Dynamic set structures typically add:

  • create():
    creates a new, initially empty set structure.
  • create_with_capacity(n):
    creates a new set structure, initially empty but capable of holding up to n elements.
  • add(S,x):
    adds the element x to S, if it is not present already.
  • remove(S, x):
    removes the element x from S, if it is present.
  • capacity(S):
    returns the maximum number of values that S can hold.

Multiset

A generalization of the notion of a set is that of a multiset or bag, which is similar to a set but allows repeated (“equal”) values (duplicates). This is used in two distinct senses: either equal values are considered identical, and are simply counted, or equal values are considered equivalent, and are stored as distinct items. For example, given a list of people (by name) and ages (in years), one could construct a multiset of ages, which simply counts the number of people of a given age. Alternatively, one can construct a multiset of people, where two people are considered equivalent if their ages are the same (but may be different people and have different names), in which case each pair (name, age) must be stored, and selecting on a given age gives all the people of a given age.

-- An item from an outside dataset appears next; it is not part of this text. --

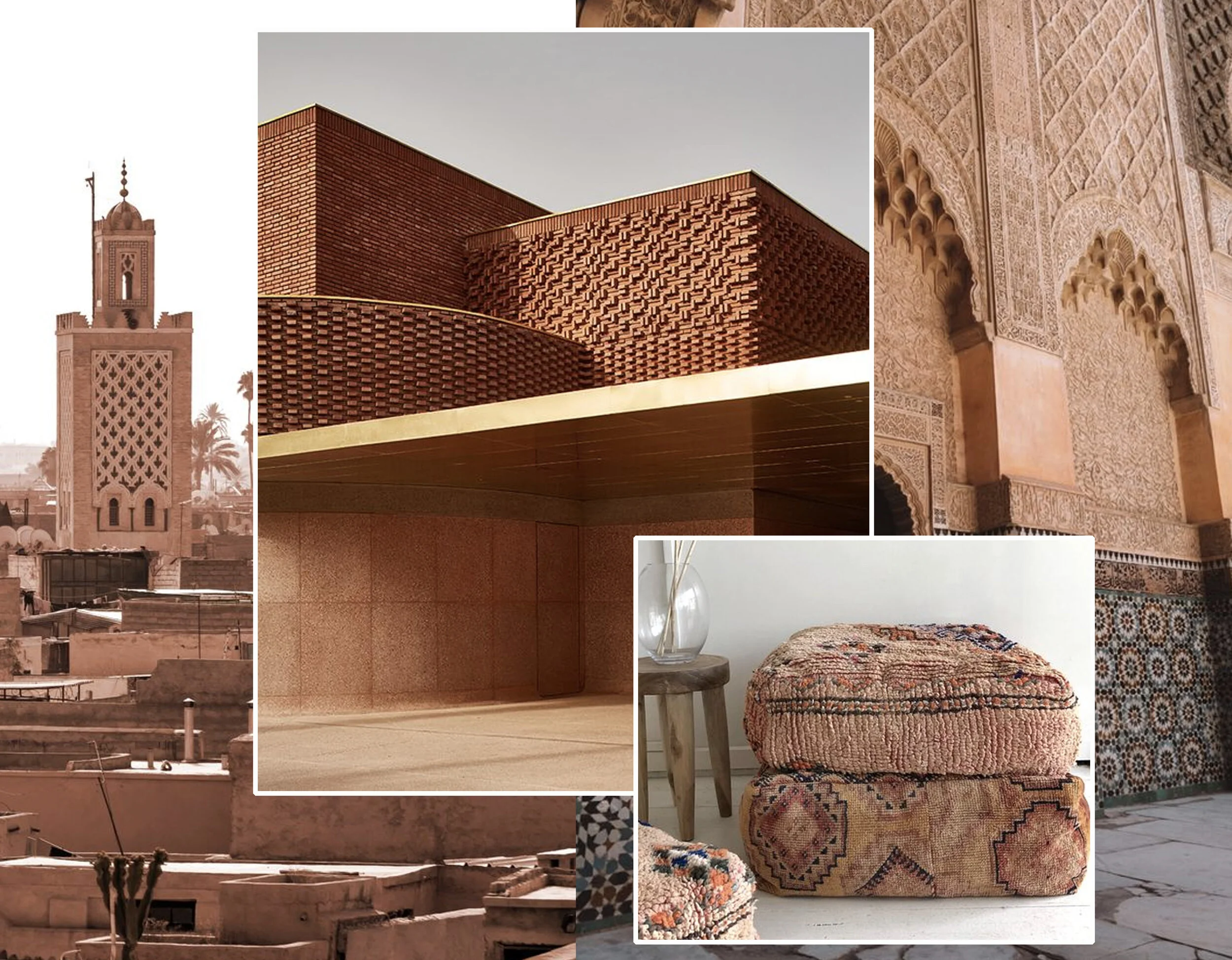 Marrakech via Mi-figue Mi-raison - YSL museum via Wallpaper - Moroccan floor pillows via Aztec House - Ben Youssef mosque by Alex Azabache via Unsplash

Formally, it is possible for objects in computer science to be considered “equal” under some equivalence relation but still distinct under another relation. Some types of multiset implementations will store distinct equal objects as separate items in the data structure; while others will collapse it down to one version (the first one encountered) and keep a positive integer count of the multiplicity of the element.

As with sets, multisets can naturally be implemented using hash table or trees, which yield different performance characteristics.